Great Zamfir 04.03.08 at 7:49 am
What’s wrong with ‘vaardigheid’ as translation of capability?
Martin Wisse 04.03.08 at 10:10 am
14: “zelfstandigheid” is more independence than agency, imo; I would use “vrijheid van handelen” or an equivalent phrase.
38: “vaardigheid” != capability. Vaardigheid is skill, while capability is not something you know how to do, but something you are able to do. Gelegenheid?
Since English is now the linga franca of science and enginering and the like, it’s no wonder more jargon is generated in it and only awkwardly translatable in Dutch.
Nadav Perez 04.03.08 at 11:37 am
Hebrew does not have a word for agency, other than ‘Sokhnut’, used for the institutional meaning (CIA = Sokhnut HaBiun Hamerkazit).
We don’t have a good word for actor, either, as Sakhkan, a stage actor, is also player, and contains the ‘play’ element, which is unwanted here. Makes things a bit difficult.

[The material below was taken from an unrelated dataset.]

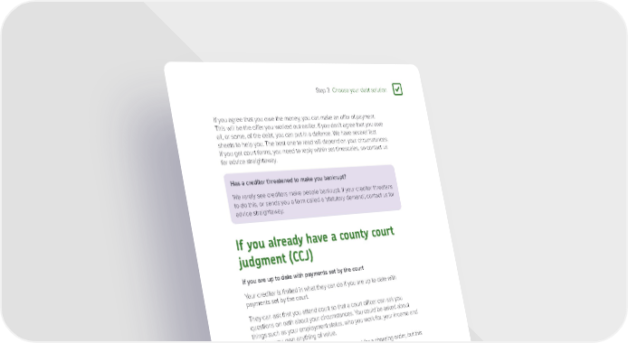 Step 3 Choose your debt solution 3 If you agree that you owe the money, you can make an offer of payment. This will be the offer you worked out earlier. If you don’t agree that you owe all, or some, of the debt, you can put in a defence. We have several fact sheets to help you. The best one to read will depend on your circumstances. If you get court forms, you need to reply within set timescales, so contact us for advice straightaway. Has a creditor threatened to make you bankrupt? We rarely see creditors make people bankrupt. If your creditor threatens to do this, or sends you a form called a ‘statutory demand’, contact us for advice straightaway. If you already have a county court judgment (CCJ) If you are up to date with payments set by the court Your creditor is limited in what they can do if you are up to date with payments set by the court. They can ask that you attend court so that a court officer can ask you questions on oath about your circumstances. You could be asked about things such as your employment status, who you work for, your income and whether you own anything of value. Your creditor may also be able to ask the court for a charging order, but this will depend on when they originally applied for the CCJ. If you have not paid what the court ordered you to pay If you do not pay what the court orders you to pay, your creditor could take further action. This includes: • asking for a charging order; • using bailiffs to try and take your goods; • asking for money to be taken directly from your wages; and • freezing funds in your bank account or telling someone who owes you money to pay them instead. Page 93

Lucky for us, we have quite a good translation for capabilities, Mesugaluiot.
Ingrid Robeyns 04.03.08 at 12:17 pm
great zamfir: I tried really hard to translate ‘capability’ into Dutch, but I think it simply doesn’t work without losing part of its meaning. If I’d explain in a sentence what capabilities are, I’d say that these are genuine opportunities to be the person you want to be and do those things you want to do, taking into account both internal capacities (like talents) and external constraints. So the most-often seen Dutch translation, ‘menselijke vermogens’, is also not getting close enough to my taste. So no surprise that the Dutch translations of Nussbaum’s work make me want to cry… (Funnily enough there seems to be much less demand for Dutch translations of Sen’s work).
Glen Tomkins 04.03.08 at 1:36 pm
Hippity-bippity-bop
According to the Disney song, “the thing-a-ma-bob that does the job is hippity-bippity-bop”. So now, if only you can find the translation for “hippity-bippity-bop” in any given language, you have your translation of “agency”.

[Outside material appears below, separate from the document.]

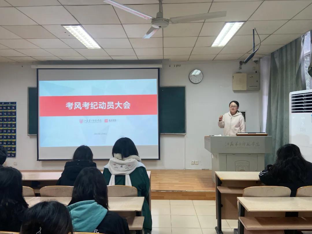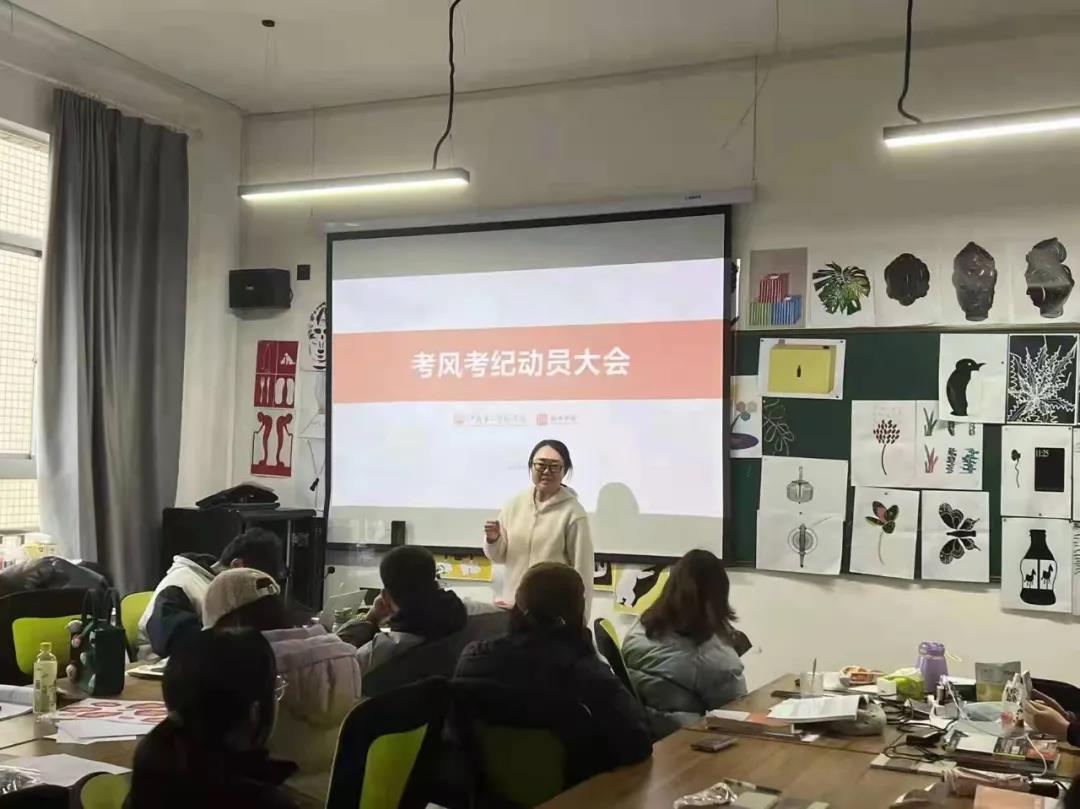 1月4日下午三点半,首先由党总支副书记孙仕荣动员讲话,他强调了诚信考试的重要性。诚实守信是中华民族的优良传统,也是公民的基本道德要求之一。作弊不仅是对自己实力的否定和蔑视,更是对优良学风的亵渎。希望美院学子能够自觉遵守考试纪律,诚实应考,自觉抵制作弊行为,做文明诚信的大学生。

If that doesn’t help, perhaps the problem is the namby-pambification of the old concept of virtue. Like the Theological Virtues specifically, the idea of virtue in general has been drained of the original potency that the etymology of the word implies, the ability to act effectively that an earlier age associated with manliness. It almost means the exact opposite of agency nowadays, as we think of virtue as involving the refusal or inability to do what we want to do, or what is in our interest to do. The prominence off this connotation makes “virtue” useless in English to mean “agency”, and is basically why the latter needed to be coined. Perhaps you will find that in some languages, the local cognate of “virtue” hasn’t been emasculated, though perhaps the risk there will be that it also hasn’t lost the connotative implication that agency is a masculine trait.
NPTO 04.04.08 at 12:42 am
I am also skeptical about “language x has no word for x”. Quite often, the language in question has a perfectly appropriate way to say the same thing using more than one word. Some other language may have a word for “having agency”, and find it amusing that English-speaking people needs two words for that.
As for agency, leaving aside for the moment the fact that English-speaking philosophers could discuss the precise meaning of the “agency” for hours in a row, I think “pratique” would do in some contexts, “action” in others. In some contexts, “devenir” as in Deleuze.
There might be some overlap between devenir and capability, I’m not sure.